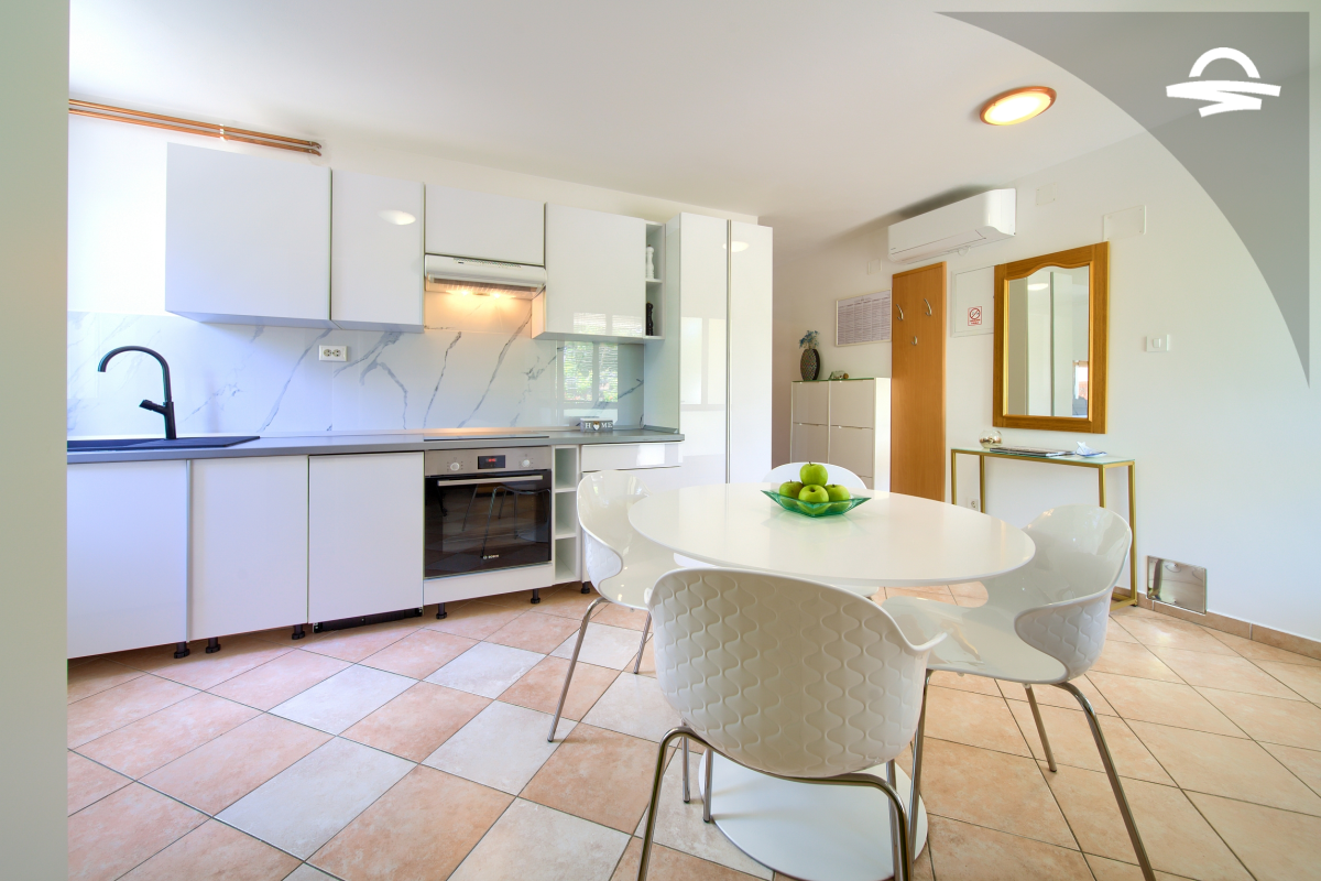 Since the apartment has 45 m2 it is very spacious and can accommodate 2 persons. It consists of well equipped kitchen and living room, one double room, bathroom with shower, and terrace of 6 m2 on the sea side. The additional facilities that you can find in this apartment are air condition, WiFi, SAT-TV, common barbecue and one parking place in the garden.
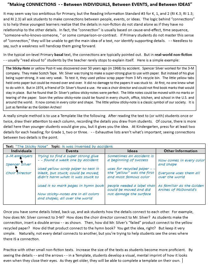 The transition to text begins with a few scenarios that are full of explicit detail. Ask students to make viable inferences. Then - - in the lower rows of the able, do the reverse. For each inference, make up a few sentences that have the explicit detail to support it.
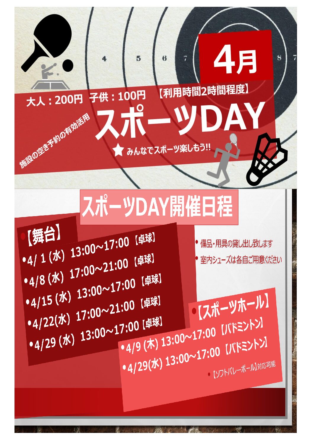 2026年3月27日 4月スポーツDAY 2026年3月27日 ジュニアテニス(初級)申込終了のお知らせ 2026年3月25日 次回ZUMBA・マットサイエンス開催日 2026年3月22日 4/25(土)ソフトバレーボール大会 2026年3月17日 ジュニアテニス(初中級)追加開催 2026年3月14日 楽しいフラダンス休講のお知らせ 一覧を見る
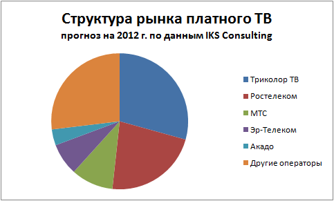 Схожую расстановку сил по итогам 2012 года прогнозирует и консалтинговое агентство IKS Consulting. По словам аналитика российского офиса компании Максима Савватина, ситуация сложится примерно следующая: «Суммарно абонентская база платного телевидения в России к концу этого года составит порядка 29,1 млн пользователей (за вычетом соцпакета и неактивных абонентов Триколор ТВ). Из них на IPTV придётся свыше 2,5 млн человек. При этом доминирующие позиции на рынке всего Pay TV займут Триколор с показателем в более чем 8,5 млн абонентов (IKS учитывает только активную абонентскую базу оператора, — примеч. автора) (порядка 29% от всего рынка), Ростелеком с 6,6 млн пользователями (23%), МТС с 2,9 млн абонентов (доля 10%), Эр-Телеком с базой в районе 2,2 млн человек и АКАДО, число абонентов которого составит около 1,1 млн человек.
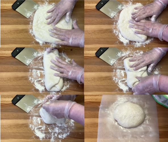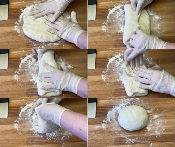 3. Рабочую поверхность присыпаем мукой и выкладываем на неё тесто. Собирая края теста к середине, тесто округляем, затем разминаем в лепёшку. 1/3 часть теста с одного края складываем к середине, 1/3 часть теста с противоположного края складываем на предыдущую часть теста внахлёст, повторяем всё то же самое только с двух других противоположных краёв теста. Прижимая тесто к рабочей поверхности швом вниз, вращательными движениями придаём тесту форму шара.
•••
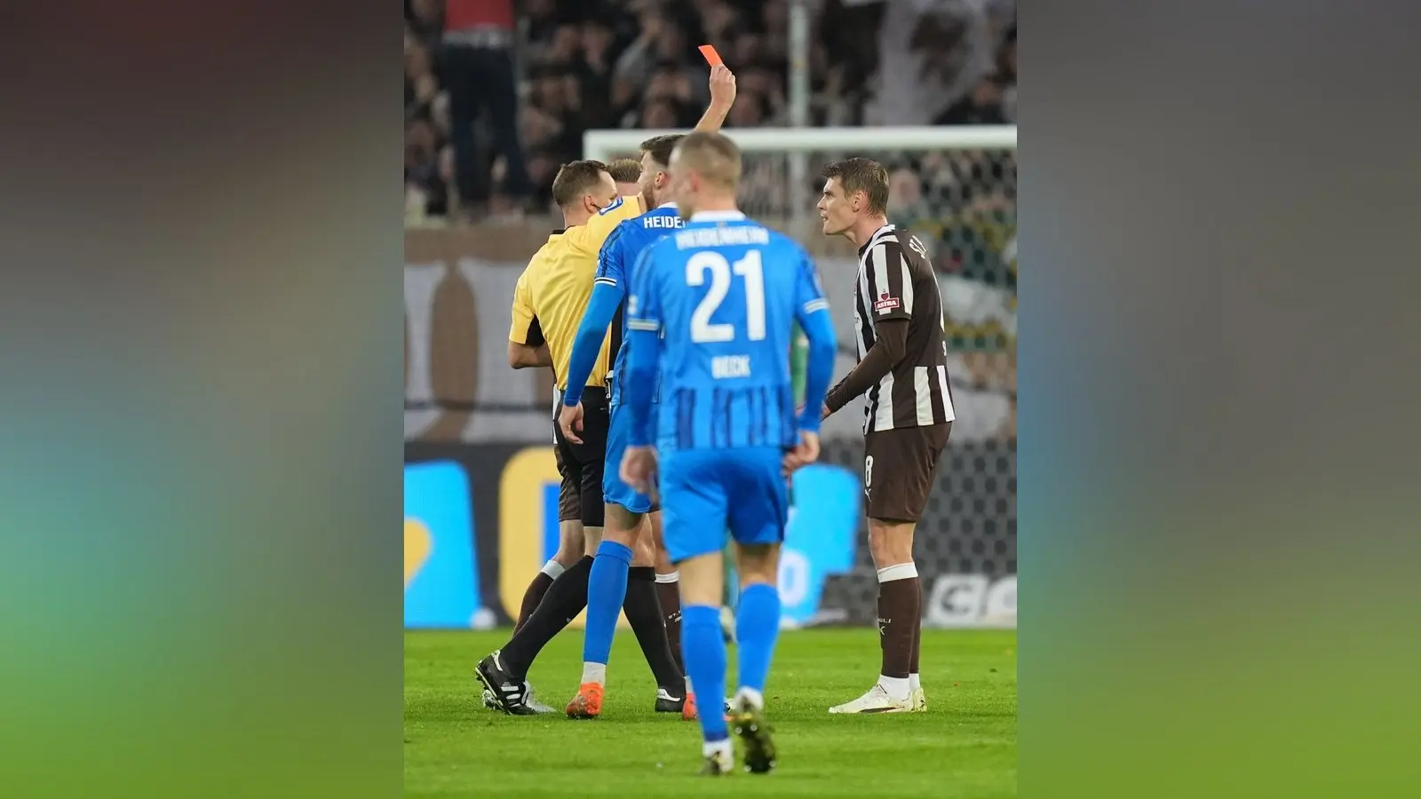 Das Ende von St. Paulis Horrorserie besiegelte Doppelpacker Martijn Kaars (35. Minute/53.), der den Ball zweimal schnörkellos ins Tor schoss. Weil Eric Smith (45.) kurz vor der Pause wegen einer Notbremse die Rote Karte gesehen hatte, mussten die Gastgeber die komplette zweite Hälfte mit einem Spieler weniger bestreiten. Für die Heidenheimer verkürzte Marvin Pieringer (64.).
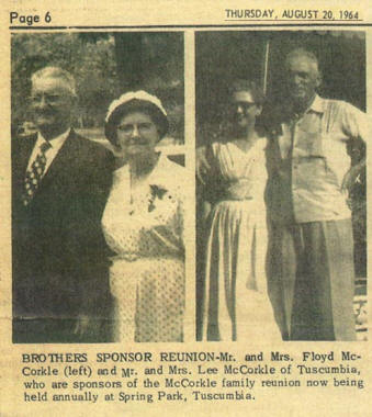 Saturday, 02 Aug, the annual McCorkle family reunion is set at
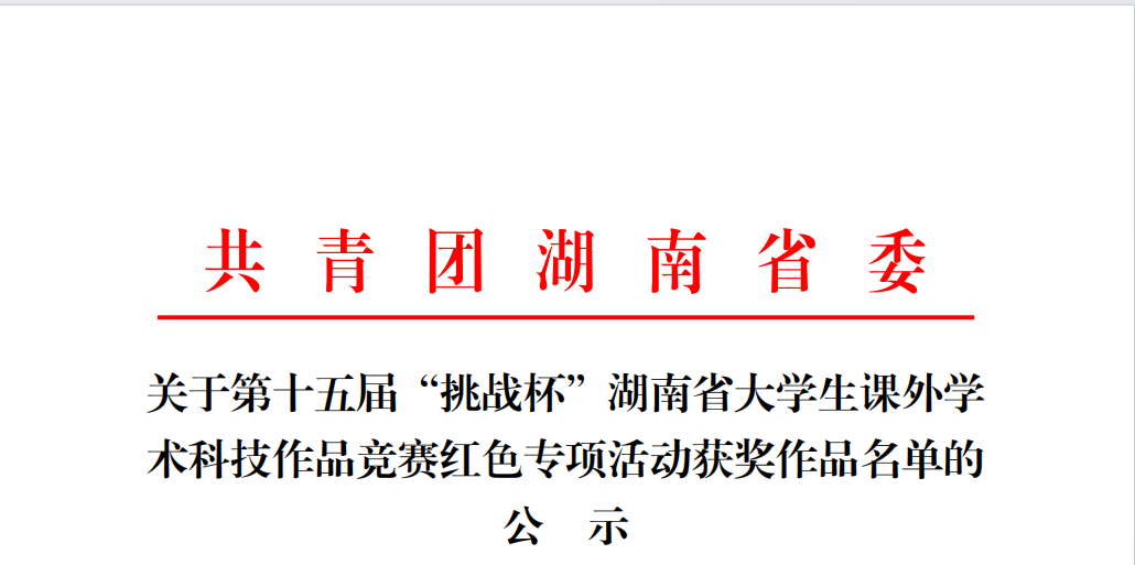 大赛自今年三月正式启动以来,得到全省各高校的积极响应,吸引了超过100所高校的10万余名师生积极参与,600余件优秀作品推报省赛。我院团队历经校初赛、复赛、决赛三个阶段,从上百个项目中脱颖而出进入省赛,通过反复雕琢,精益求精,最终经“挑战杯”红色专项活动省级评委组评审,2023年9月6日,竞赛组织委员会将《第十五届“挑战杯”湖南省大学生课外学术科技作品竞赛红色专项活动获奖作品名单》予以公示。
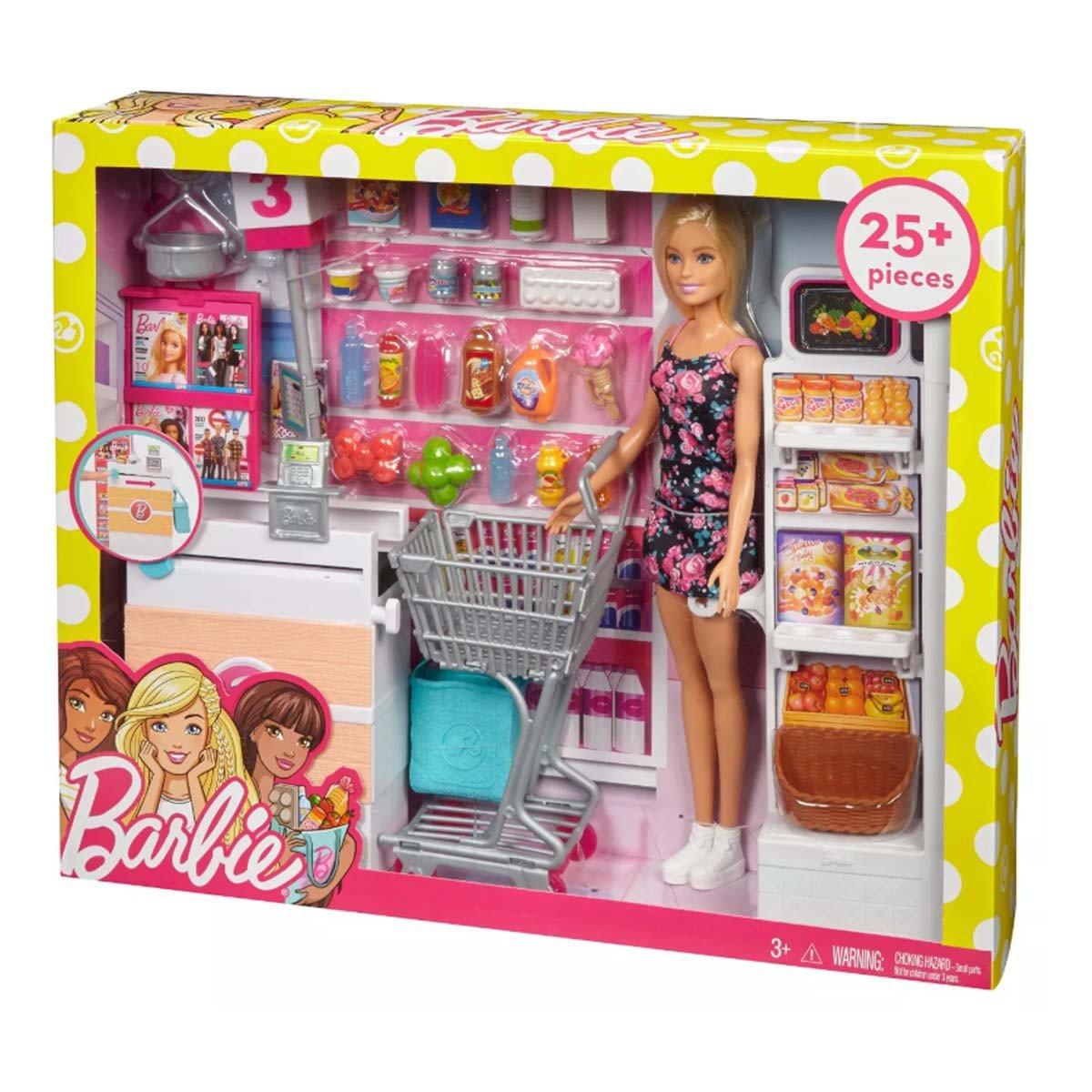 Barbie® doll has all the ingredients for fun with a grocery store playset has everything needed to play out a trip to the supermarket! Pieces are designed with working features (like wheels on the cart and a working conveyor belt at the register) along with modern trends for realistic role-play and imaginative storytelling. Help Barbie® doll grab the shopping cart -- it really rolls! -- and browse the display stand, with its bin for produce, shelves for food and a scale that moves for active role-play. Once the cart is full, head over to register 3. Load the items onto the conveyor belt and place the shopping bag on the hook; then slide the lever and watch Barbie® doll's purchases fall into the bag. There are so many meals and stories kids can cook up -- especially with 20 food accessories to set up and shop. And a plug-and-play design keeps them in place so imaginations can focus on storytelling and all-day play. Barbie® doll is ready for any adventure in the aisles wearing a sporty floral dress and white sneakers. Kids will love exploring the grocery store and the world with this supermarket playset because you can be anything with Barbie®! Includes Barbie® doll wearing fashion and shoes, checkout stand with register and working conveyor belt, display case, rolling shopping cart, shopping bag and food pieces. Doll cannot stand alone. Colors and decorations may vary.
•••
### Exercise
What's needed is an exact copy of the records above from the line containing "The transition to" down to the line containing "3. Рабочую поверхность", both included, without any pictures.

### Written answer
 The transition to text begins with a few scenarios that are full of explicit detail. Ask students to make viable inferences. Then - - in the lower rows of the able, do the reverse. For each inference, make up a few sentences that have the explicit detail to support it.
 2026年3月27日 4月スポーツDAY 2026年3月27日 ジュニアテニス(初級)申込終了のお知らせ 2026年3月25日 次回ZUMBA・マットサイエンス開催日 2026年3月22日 4/25(土)ソフトバレーボール大会 2026年3月17日 ジュニアテニス(初中級)追加開催 2026年3月14日 楽しいフラダンス休講のお知らせ 一覧を見る
 Схожую расстановку сил по итогам 2012 года прогнозирует и консалтинговое агентство IKS Consulting. По словам аналитика российского офиса компании Максима Савватина, ситуация сложится примерно следующая: «Суммарно абонентская база платного телевидения в России к концу этого года составит порядка 29,1 млн пользователей (за вычетом соцпакета и неактивных абонентов Триколор ТВ). Из них на IPTV придётся свыше 2,5 млн человек. При этом доминирующие позиции на рынке всего Pay TV займут Триколор с показателем в более чем 8,5 млн абонентов (IKS учитывает только активную абонентскую базу оператора, — примеч. автора) (порядка 29% от всего рынка), Ростелеком с 6,6 млн пользователями (23%), МТС с 2,9 млн абонентов (доля 10%), Эр-Телеком с базой в районе 2,2 млн человек и АКАДО, число абонентов которого составит около 1,1 млн человек.
 3. Рабочую поверхность присыпаем мукой и выкладываем на неё тесто. Собирая края теста к середине, тесто округляем, затем разминаем в лепёшку. 1/3 часть теста с одного края складываем к середине, 1/3 часть теста с противоположного края складываем на предыдущую часть теста внахлёст, повторяем всё то же самое только с двух других противоположных краёв теста. Прижимая тесто к рабочей поверхности швом вниз, вращательными движениями придаём тесту форму шара.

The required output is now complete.